> **Data provided**
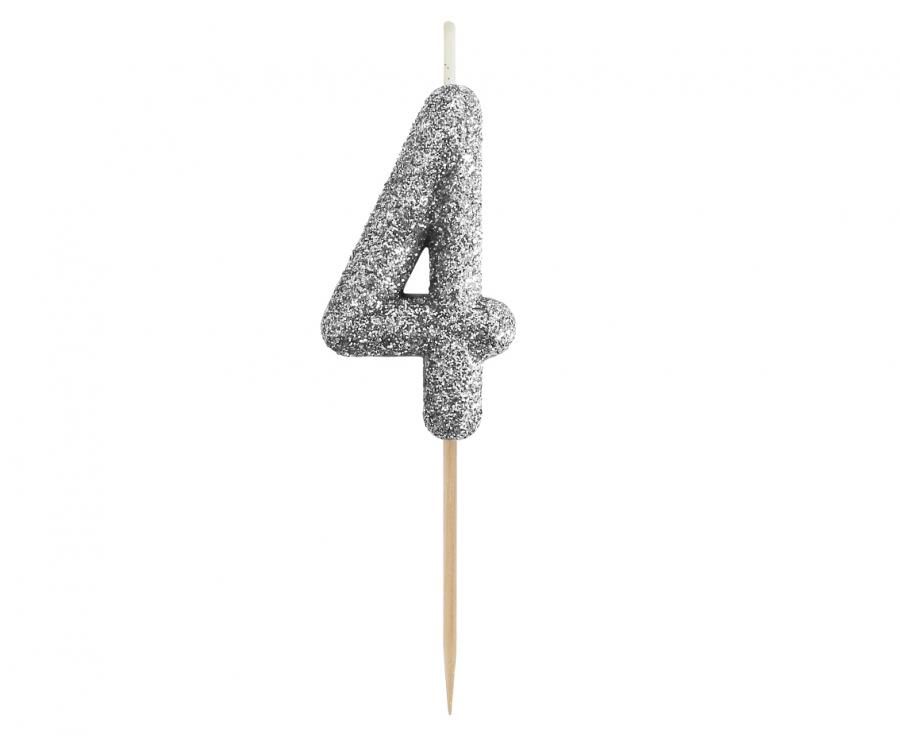 Świeczka urodzinowa piker cyferka 4, brokatowa czarna, 11x3.5 cm Godan (BH-SPC4)
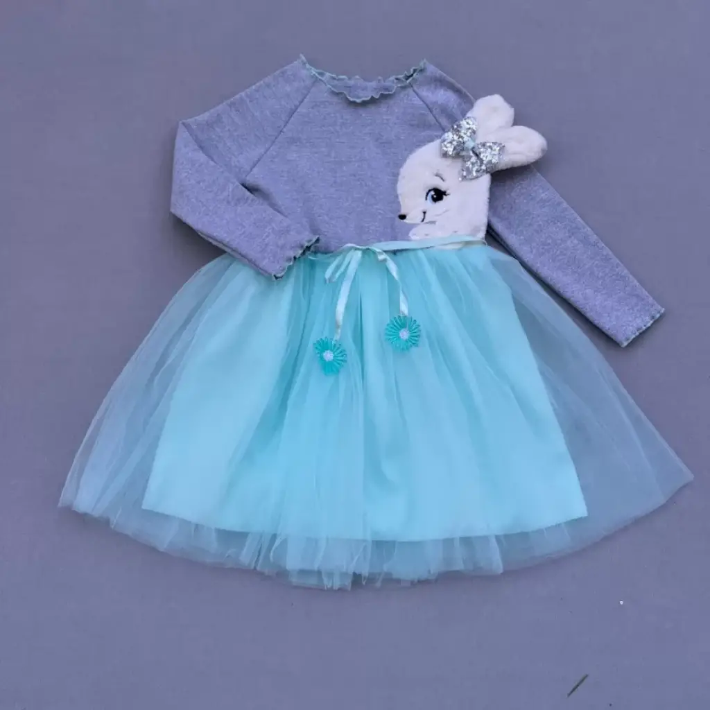 Omarı Turkuaz Renkli Pelüş Tavşan Desenli Çocuk Tütü Elbise
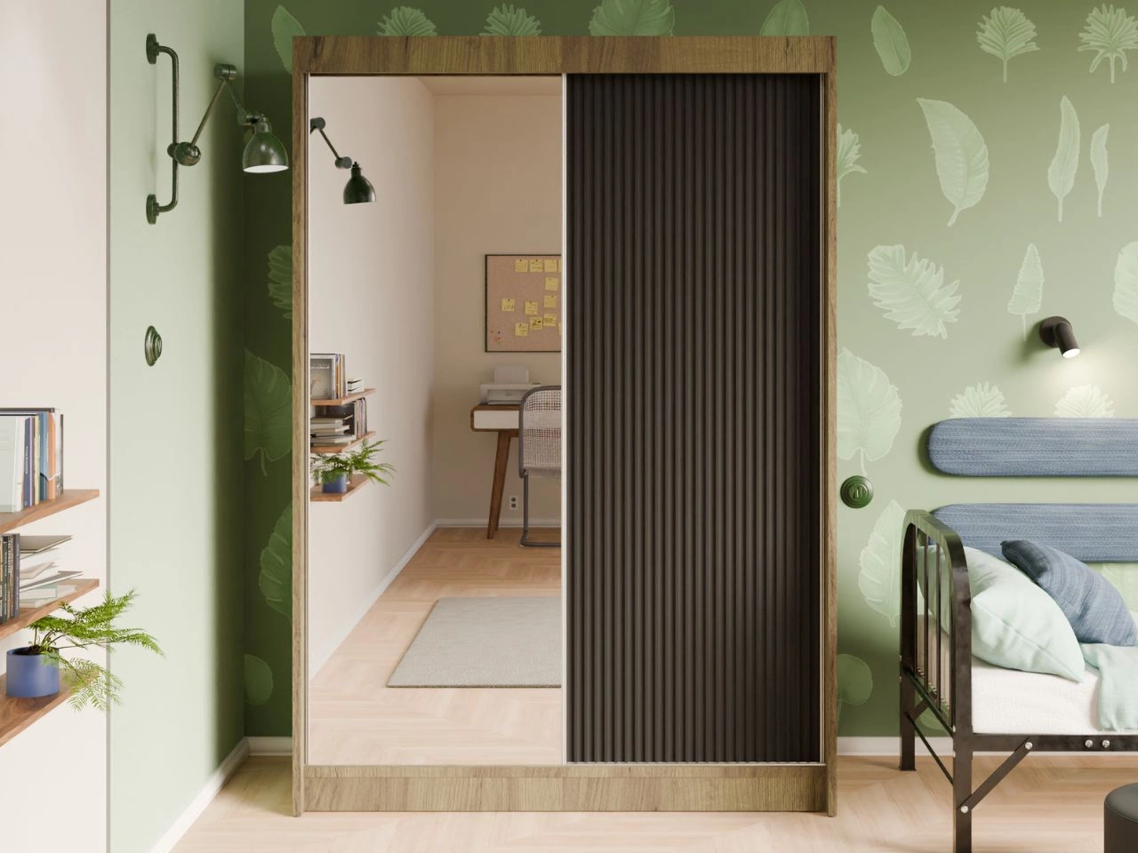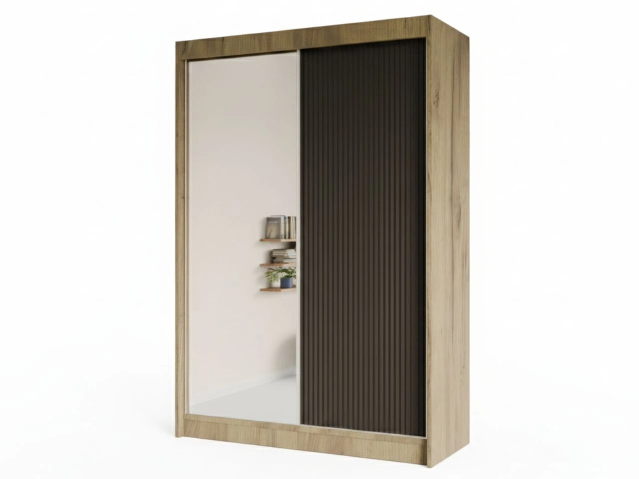 Schiebetürenschrank mit geriffelter Front und Spiegel 150 cm Fano Handwerk Goldene Eiche, Schwarz

> **What to produce**
Pictures are to be left out; repeat all the remaining data exactly.

> **Solution to this exercise**
 Świeczka urodzinowa piker cyferka 4, brokatowa czarna, 11x3.5 cm Godan (BH-SPC4)
 Omarı Turkuaz Renkli Pelüş Tavşan Desenli Çocuk Tütü Elbise
 Schiebetürenschrank mit geriffelter Front und Spiegel 150 cm Fano Handwerk Goldene Eiche, Schwarz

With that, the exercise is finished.